For the industry sector, the uncertainty is mainly from monthly statistics. Deng et al.45 discuss the uncertainty of China’s industrial sector is 20% with a confidence interval of 68%. We apply this result to the error propagation formula to obtain the uncertainty of daily scale CO2 emissions in the industry sector.

For the transportation sector, the uncertainty of emissions from the ground transportation sector has two parts, the regression model and the daily-scale allocation of CO2 emissions by traffic flow. The uncertainty quantification of the daily-scale allocation of CO2 emissions requires real daily emissions from ground transportation, which is difficult to obtain and ignored in this study. Therefore, we focus on the uncertainty generated by the regression model. We used the 95% confidence interval of the regression model to estimate the uncertainty generated by the model. Applying the fitting results to the other 47 cities could introduce additional uncertainty, but this uncertainty is difficult to quantify due to the lack of similar accounting data in other cities in China. The uncertainty of the model is involved in error propagation. The daily emissions of aviation and shipping account for a low proportion of the emissions of the entire transportation sector. Therefore, the uncertainty of CO2 emissions in this part is not specifically discussed. Two methods are compared to calculate the uncertainty of the daily emissions of the aviation sector in Liu et al.29, and the uncertainty is cited in this study.

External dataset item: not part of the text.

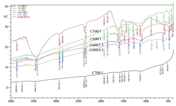 對于峰的強度,活化溫度在降低強度中起重要作用。較高的溫度將產生具有較少官能團的活性炭。最高活化溫度樣品顯示幾乎平坦的光譜。同時,對于活化劑定量,效果很小。比率從0.5增加到1.5似乎對樣品的化學性質沒有任何影響,因為三個光譜相似。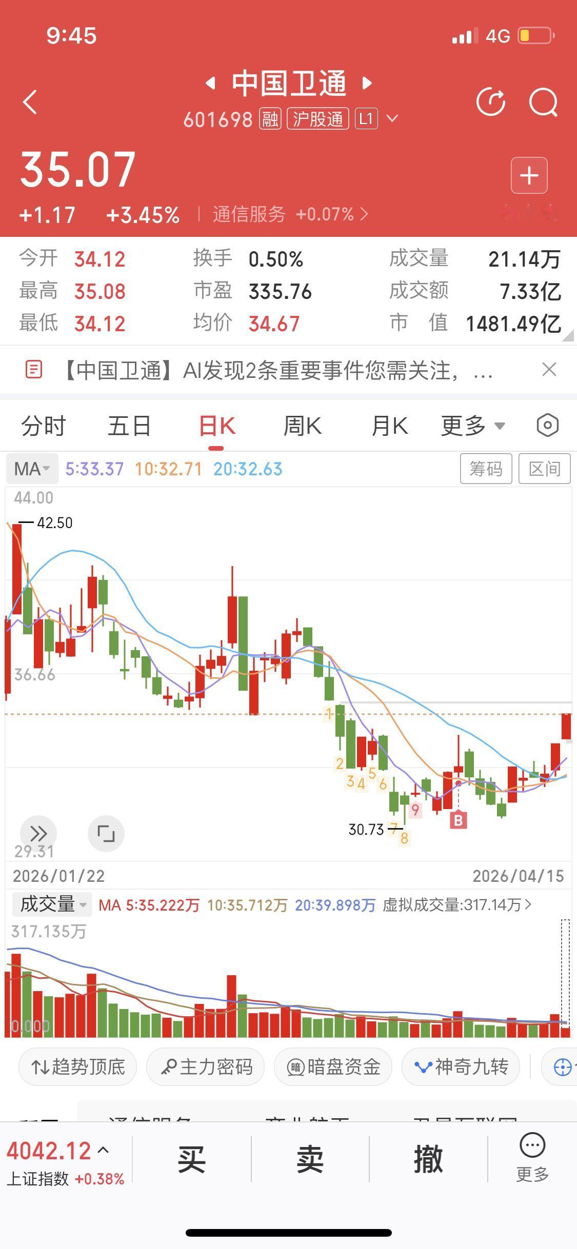中国卫通我持有了几周 从买入入套 到解套 我一直没操作 我确信底部放量主力资金入场了 我静静地等待 静等花开 还有一个重大原因 商业航天是重大项目 百年难遇 还没起飞,怎么会熄火

For the residential sector, the source of uncertainty in the service sector is mainly derived from the error in the input-output model and the uncertainty of the moving holiday impact factor, which are given by model contributor’s advice, and set to 5% and 5%, respectively. The overall uncertainties of daily emissions are then computed using the error propagation method (Tables 9, 10).

Table 9 Uncertainties for daily activities and models with sectoral breakdown.
Table 10 Overall uncertainty estimates for each city accounting for daily uncertainties and annual uncertainties.

Usage Notes

The dataset (CMCC-48-cities-v0629.xlsx) is available from figshare41 Each city has more than 3000 lines of data, which will take a long time to load in Excel. We recommend loading the data with a script that can handle large datasets. Users should also note that the unit of emissions in this dataset is ktCO2.